[The data — start]

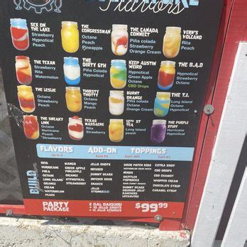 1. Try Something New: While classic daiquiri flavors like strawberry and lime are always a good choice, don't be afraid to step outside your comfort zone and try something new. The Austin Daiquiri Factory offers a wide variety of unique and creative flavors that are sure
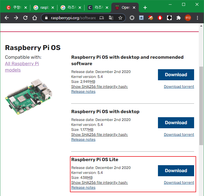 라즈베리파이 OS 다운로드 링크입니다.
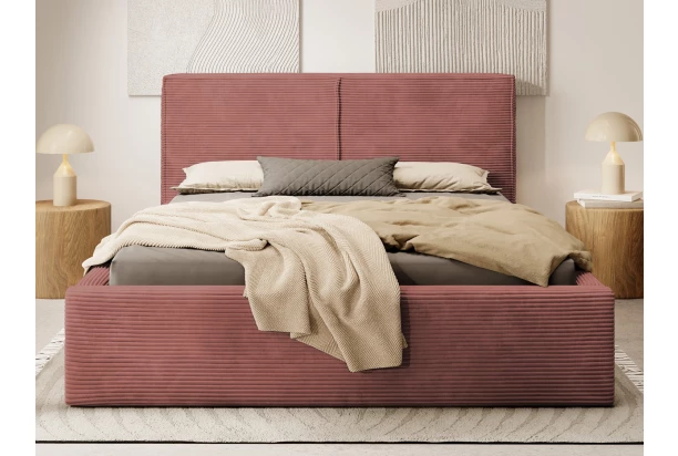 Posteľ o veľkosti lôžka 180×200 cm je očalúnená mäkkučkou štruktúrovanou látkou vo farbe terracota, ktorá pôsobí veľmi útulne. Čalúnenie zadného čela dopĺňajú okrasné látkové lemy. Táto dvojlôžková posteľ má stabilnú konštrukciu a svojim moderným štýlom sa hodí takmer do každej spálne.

[The data — finish]

* _Task description_
Find the line containing "라즈베리파이 OS 다운로드 링크입니다.", then extract it and every line after it to the end of the data above, exactly and nothing else, without pictures.

* _Result below_
 라즈베리파이 OS 다운로드 링크입니다.
 Posteľ o veľkosti lôžka 180×200 cm je očalúnená mäkkučkou štruktúrovanou látkou vo farbe terracota, ktorá pôsobí veľmi útulne. Čalúnenie zadného čela dopĺňajú okrasné látkové lemy. Táto dvojlôžková posteľ má stabilnú konštrukciu a svojim moderným štýlom sa hodí takmer do každej spálne.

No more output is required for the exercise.